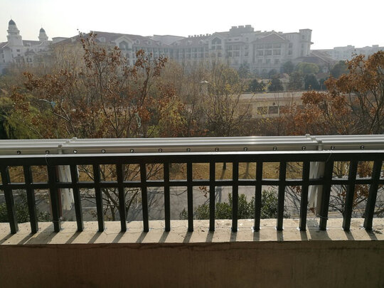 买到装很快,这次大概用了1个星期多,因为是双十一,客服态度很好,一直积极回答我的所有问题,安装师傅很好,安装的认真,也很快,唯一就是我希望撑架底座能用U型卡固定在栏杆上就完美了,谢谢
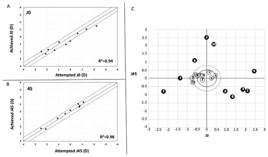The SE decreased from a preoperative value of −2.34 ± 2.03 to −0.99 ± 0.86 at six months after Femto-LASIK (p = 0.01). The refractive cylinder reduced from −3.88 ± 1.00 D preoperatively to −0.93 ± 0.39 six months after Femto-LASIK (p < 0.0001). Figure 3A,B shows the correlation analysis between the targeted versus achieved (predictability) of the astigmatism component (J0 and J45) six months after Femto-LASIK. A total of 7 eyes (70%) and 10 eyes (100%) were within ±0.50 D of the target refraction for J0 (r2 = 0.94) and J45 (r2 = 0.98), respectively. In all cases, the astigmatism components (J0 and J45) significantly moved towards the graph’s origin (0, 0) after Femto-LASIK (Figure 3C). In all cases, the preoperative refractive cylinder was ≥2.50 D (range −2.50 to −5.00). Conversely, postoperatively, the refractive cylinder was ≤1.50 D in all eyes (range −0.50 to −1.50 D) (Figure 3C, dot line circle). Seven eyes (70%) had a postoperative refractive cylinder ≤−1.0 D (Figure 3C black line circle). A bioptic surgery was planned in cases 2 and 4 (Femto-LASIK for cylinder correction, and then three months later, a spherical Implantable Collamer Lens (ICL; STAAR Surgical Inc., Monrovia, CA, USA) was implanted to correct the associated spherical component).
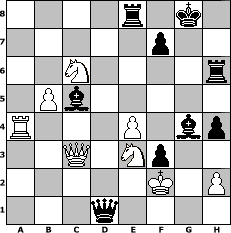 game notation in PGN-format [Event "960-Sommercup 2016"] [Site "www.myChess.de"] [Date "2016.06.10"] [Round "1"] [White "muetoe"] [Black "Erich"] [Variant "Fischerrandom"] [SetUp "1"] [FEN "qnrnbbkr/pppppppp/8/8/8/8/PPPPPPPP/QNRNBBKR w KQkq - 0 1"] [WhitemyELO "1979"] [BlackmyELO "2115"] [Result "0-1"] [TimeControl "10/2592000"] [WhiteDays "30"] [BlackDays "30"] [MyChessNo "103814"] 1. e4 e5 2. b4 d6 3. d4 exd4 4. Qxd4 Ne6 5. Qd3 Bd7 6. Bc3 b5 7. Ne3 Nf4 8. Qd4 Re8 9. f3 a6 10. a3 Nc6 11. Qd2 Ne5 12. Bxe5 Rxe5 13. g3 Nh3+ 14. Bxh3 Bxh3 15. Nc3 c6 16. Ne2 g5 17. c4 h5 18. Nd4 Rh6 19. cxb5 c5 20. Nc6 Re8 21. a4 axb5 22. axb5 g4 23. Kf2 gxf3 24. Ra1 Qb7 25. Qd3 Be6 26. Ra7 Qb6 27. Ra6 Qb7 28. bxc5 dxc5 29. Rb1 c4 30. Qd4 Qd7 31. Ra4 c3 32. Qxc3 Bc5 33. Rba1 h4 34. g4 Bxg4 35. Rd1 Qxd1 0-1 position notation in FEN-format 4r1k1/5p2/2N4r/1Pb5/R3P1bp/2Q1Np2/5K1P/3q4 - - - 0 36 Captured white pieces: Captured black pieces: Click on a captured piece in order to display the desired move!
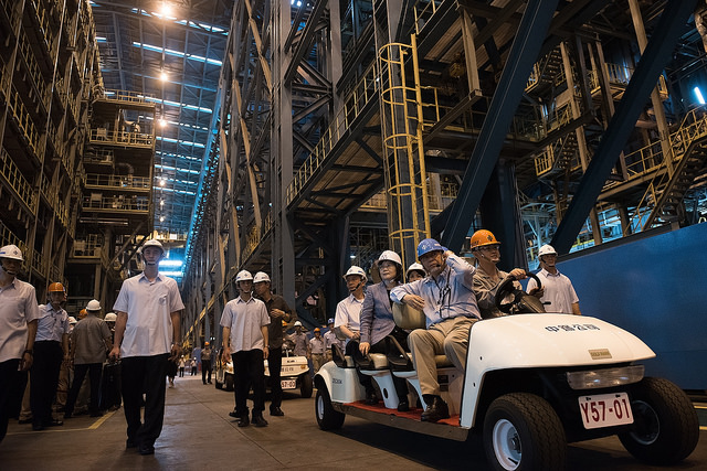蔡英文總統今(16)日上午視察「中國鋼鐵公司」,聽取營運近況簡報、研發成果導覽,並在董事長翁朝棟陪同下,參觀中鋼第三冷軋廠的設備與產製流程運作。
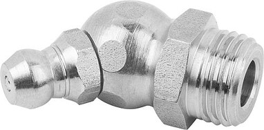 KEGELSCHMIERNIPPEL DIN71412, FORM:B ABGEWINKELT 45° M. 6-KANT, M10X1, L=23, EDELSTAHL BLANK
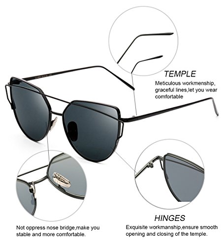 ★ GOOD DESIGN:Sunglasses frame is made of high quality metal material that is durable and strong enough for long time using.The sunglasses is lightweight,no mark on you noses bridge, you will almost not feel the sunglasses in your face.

• EXERCISE
With the pictures dropped, write out all of the entries word for word.

• WRITTEN ANSWER
 买到装很快,这次大概用了1个星期多,因为是双十一,客服态度很好,一直积极回答我的所有问题,安装师傅很好,安装的认真,也很快,唯一就是我希望撑架底座能用U型卡固定在栏杆上就完美了,谢谢
The SE decreased from a preoperative value of −2.34 ± 2.03 to −0.99 ± 0.86 at six months after Femto-LASIK (p = 0.01). The refractive cylinder reduced from −3.88 ± 1.00 D preoperatively to −0.93 ± 0.39 six months after Femto-LASIK (p < 0.0001). Figure 3A,B shows the correlation analysis between the targeted versus achieved (predictability) of the astigmatism component (J0 and J45) six months after Femto-LASIK. A total of 7 eyes (70%) and 10 eyes (100%) were within ±0.50 D of the target refraction for J0 (r2 = 0.94) and J45 (r2 = 0.98), respectively. In all cases, the astigmatism components (J0 and J45) significantly moved towards the graph’s origin (0, 0) after Femto-LASIK (Figure 3C). In all cases, the preoperative refractive cylinder was ≥2.50 D (range −2.50 to −5.00). Conversely, postoperatively, the refractive cylinder was ≤1.50 D in all eyes (range −0.50 to −1.50 D) (Figure 3C, dot line circle). Seven eyes (70%) had a postoperative refractive cylinder ≤−1.0 D (Figure 3C black line circle). A bioptic surgery was planned in cases 2 and 4 (Femto-LASIK for cylinder correction, and then three months later, a spherical Implantable Collamer Lens (ICL; STAAR Surgical Inc., Monrovia, CA, USA) was implanted to correct the associated spherical component).
 game notation in PGN-format [Event "960-Sommercup 2016"] [Site "www.myChess.de"] [Date "2016.06.10"] [Round "1"] [White "muetoe"] [Black "Erich"] [Variant "Fischerrandom"] [SetUp "1"] [FEN "qnrnbbkr/pppppppp/8/8/8/8/PPPPPPPP/QNRNBBKR w KQkq - 0 1"] [WhitemyELO "1979"] [BlackmyELO "2115"] [Result "0-1"] [TimeControl "10/2592000"] [WhiteDays "30"] [BlackDays "30"] [MyChessNo "103814"] 1. e4 e5 2. b4 d6 3. d4 exd4 4. Qxd4 Ne6 5. Qd3 Bd7 6. Bc3 b5 7. Ne3 Nf4 8. Qd4 Re8 9. f3 a6 10. a3 Nc6 11. Qd2 Ne5 12. Bxe5 Rxe5 13. g3 Nh3+ 14. Bxh3 Bxh3 15. Nc3 c6 16. Ne2 g5 17. c4 h5 18. Nd4 Rh6 19. cxb5 c5 20. Nc6 Re8 21. a4 axb5 22. axb5 g4 23. Kf2 gxf3 24. Ra1 Qb7 25. Qd3 Be6 26. Ra7 Qb6 27. Ra6 Qb7 28. bxc5 dxc5 29. Rb1 c4 30. Qd4 Qd7 31. Ra4 c3 32. Qxc3 Bc5 33. Rba1 h4 34. g4 Bxg4 35. Rd1 Qxd1 0-1 position notation in FEN-format 4r1k1/5p2/2N4r/1Pb5/R3P1bp/2Q1Np2/5K1P/3q4 - - - 0 36 Captured white pieces: Captured black pieces: Click on a captured piece in order to display the desired move!
蔡英文總統今(16)日上午視察「中國鋼鐵公司」,聽取營運近況簡報、研發成果導覽,並在董事長翁朝棟陪同下,參觀中鋼第三冷軋廠的設備與產製流程運作。
 KEGELSCHMIERNIPPEL DIN71412, FORM:B ABGEWINKELT 45° M. 6-KANT, M10X1, L=23, EDELSTAHL BLANK
 ★ GOOD DESIGN:Sunglasses frame is made of high quality metal material that is durable and strong enough for long time using.The sunglasses is lightweight,no mark on you noses bridge, you will almost not feel the sunglasses in your face.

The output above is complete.